Retracing Google’s steps: recreating the Webtable in Rust

Everyone knows Google. For almost the entire’s internet lifetime, the Google search page has been the starting point of almost any internet user’s surfing session. To be able to serve search requests of (almost) anything that can be found on the internet, Google has to manage a huge search index. Storing a large portion of the internet requires petabytes, if not exabytes, of storage.

Bigtable

After a couple of years, the growth of Google needed a new database solution to manage its growing datasets. The solution was Bigtable, a massively scalable database, still in use today.

Bigtable is a distributed wide-column database (somewhat exotic these days); you can think of it as a key-key-value database, where the first key maps to a row, and the second key to a column, which then contains a value, forming a 2D grid.
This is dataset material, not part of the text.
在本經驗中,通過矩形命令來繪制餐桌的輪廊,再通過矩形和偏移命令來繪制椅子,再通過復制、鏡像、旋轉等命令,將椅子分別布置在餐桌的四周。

Bigtable additionally allows versioning of any cell, forming a cube.

Ultimately, the key schema used by Bigtable is basically: <row key>.<col fam>.<col qual>.<ts>.
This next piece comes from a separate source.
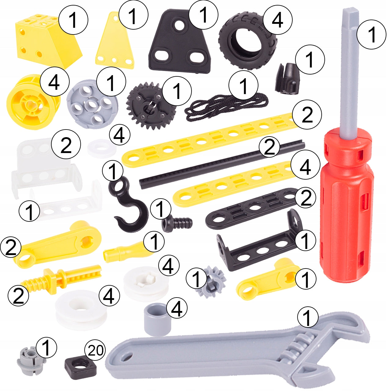 - Rinkinys leidžia vaikams patekti į mechanikos ir statybos pasaulį, lavinti vaizduotę bei motorinius įgūdžius.

To insert a cell, you need to specify a row key, column key (column family + column qualifier) and a timestamp. The column qualifier can be empty (denoted by the syntax family:).

The row key defines how the table is ordered, so it is the only indexing mechanism (there are no secondary indexes).

Bigtable itself is essentially a distributed LSM-tree, in which each tablet server (pictured here) holds a small piece of the entire keyspace - taken from the original Bigtable paper

The descendants of Bigtable: LevelDB & RocksDB

LevelDB, an embeddable LSM-tree based key-value storage engine by Google, was released in 2011 and is a direct descendent of Bigtable code. It is now in maintenance-only mode.

Fun fact: Every Chromium browser ships with LevelDB.

Facebook later forked LevelDB as RocksDB, to develop it further; RocksDB is now used in countless projects.

The Webtable

To store essentially the entire internet, Google built the Webtable, a huge Bigtable table that stores HTML pages, links and some metadata of every page they crawl.

The row key of the Webtable is the URL of a page with reversed domain key, e.g. github.com/explore is converted to com.github/explore. This maximizes locality for URLs with common domains, which we will see in action later on.

The Webtable has a pretty simple data schema:

The language column family stores the Alpha-2 country code of every page.
The checksum column family stores a checksum of the web page contents (we will use MD5).
The contents column family stores the actual HTML document of every page.
The anchor column family is the most interesting one. For each page A, every column inside the family is the URL of a page B that linked to page A. The cell value is the link text of the anchor (<a>) element.

Let’s recreate it in Rust

We will not build a massively scalable database or store the entire internet, but instead recreate the key-value schema used by the Webtable, and make a small scale version of it.

To keep it 100% Rust, we will use Fjall, an LSM-based key-value storage engine heavily inspired by RocksDB.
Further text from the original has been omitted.